## DIRECTIONS FOR THIS TASK
With images excluded, write out each entry below exactly as given.

Stored data
□ □ □ □

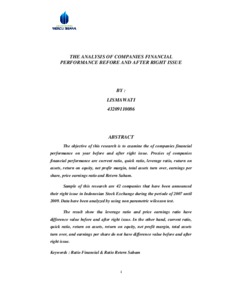Tujuan dari penelitian ini adalah untuk memeriksa kinerja keuangan perusahaan-perusahaan satu tahun sebelum dan satu tahun setelah right issue. Aspek-aspek penting dalam kinerja keuangan perusahaan adalah current ratio, quick ratio, leverage ratio, return on assets, return on equity, net profit margin, total assets turnover, earnings per share, price earnings ratio dan return Saham. Sampel dari penelitian ini adalah 42 perusahaan dengan right issue yang telah diumumkan di Bursa Efek Indonesia selama periode 2007-2009. Data dianalisis dengan menggunakan uji wilcoxon non-parametric. Hasil yang diperoleh menunjukkan bahwa terdapat selisih nilai antara nisbah utang dan rasio penghasilan harga sebelum dan setelah right issue. Sedangkan rasio aset lancar, rasio aset tunai, laba atas aset, laba atas modal sendiri, margin laba bersih, perputaran total aset, dan pendapatan per saham tidak memiliki selisih nilai sebelum dan setelah right issue
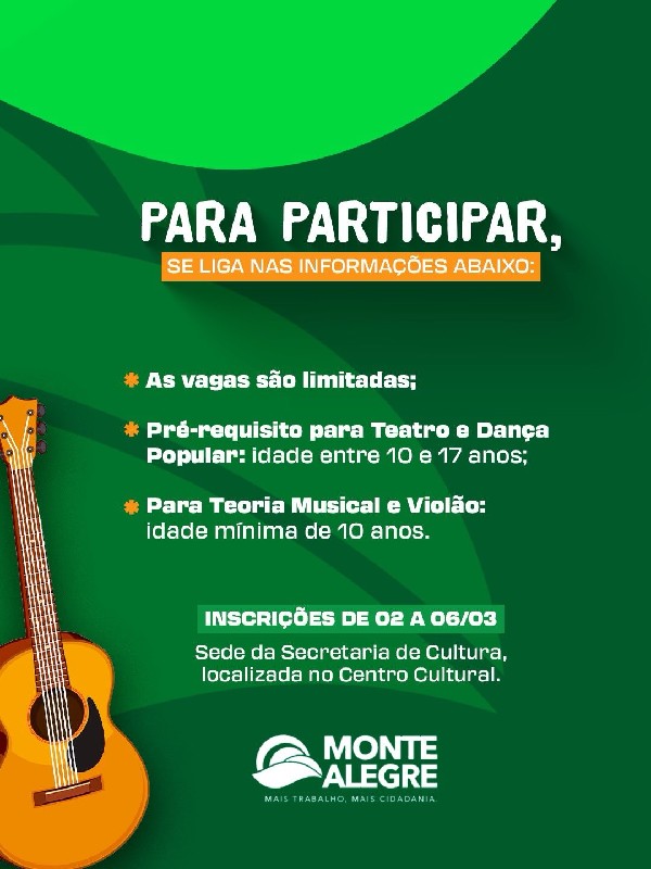 Vão abrir as inscrições para as aulas de Teoria Musical, Teatro e Dança Popular e Violão da Secretaria de Cultura.
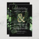 Tropical Gold Monstera Black QR Code Wedding Invitation
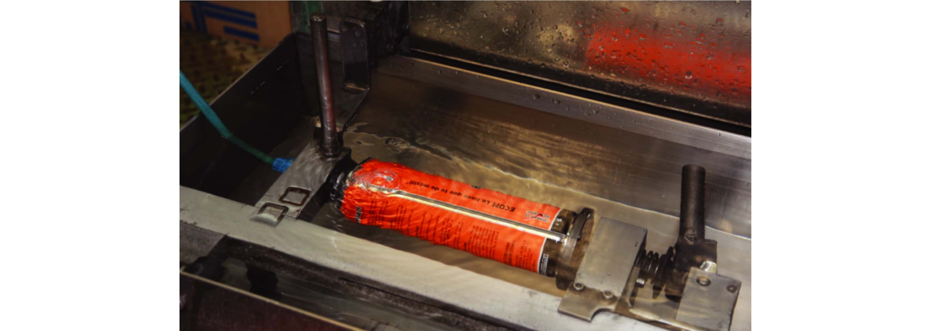 Es sumergir a todos los aerosoles en una tina con agua a 55°C para aumentar su dilatación térmica y el aumento de presión de vapor. Cuando aumentamos la temperatura aumentamos el movimiento de las partículas y por lo tanto la distancia entre ellas, aumentando la presión interna de cada aerosol.
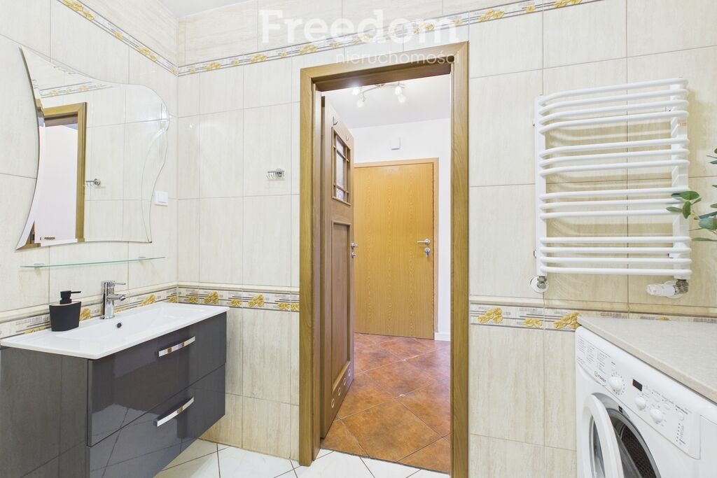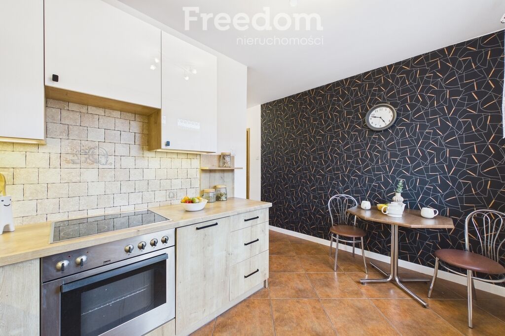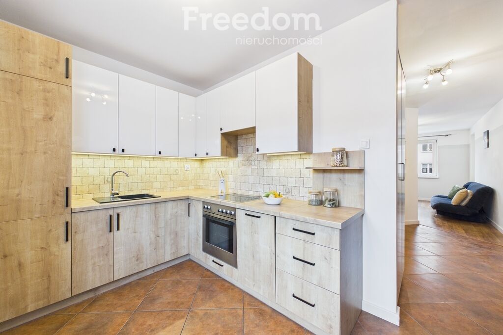 widnej kuchni z nowoczesną zabudową, łazienki oraz przedpokoju. Z

□ □ □ □

## PROBLEM SOLUTION
Tujuan dari penelitian ini adalah untuk memeriksa kinerja keuangan perusahaan-perusahaan satu tahun sebelum dan satu tahun setelah right issue. Aspek-aspek penting dalam kinerja keuangan perusahaan adalah current ratio, quick ratio, leverage ratio, return on assets, return on equity, net profit margin, total assets turnover, earnings per share, price earnings ratio dan return Saham. Sampel dari penelitian ini adalah 42 perusahaan dengan right issue yang telah diumumkan di Bursa Efek Indonesia selama periode 2007-2009. Data dianalisis dengan menggunakan uji wilcoxon non-parametric. Hasil yang diperoleh menunjukkan bahwa terdapat selisih nilai antara nisbah utang dan rasio penghasilan harga sebelum dan setelah right issue. Sedangkan rasio aset lancar, rasio aset tunai, laba atas aset, laba atas modal sendiri, margin laba bersih, perputaran total aset, dan pendapatan per saham tidak memiliki selisih nilai sebelum dan setelah right issue
 Vão abrir as inscrições para as aulas de Teoria Musical, Teatro e Dança Popular e Violão da Secretaria de Cultura.
 Tropical Gold Monstera Black QR Code Wedding Invitation
 Es sumergir a todos los aerosoles en una tina con agua a 55°C para aumentar su dilatación térmica y el aumento de presión de vapor. Cuando aumentamos la temperatura aumentamos el movimiento de las partículas y por lo tanto la distancia entre ellas, aumentando la presión interna de cada aerosol.
 widnej kuchni z nowoczesną zabudową, łazienki oraz przedpokoju. Z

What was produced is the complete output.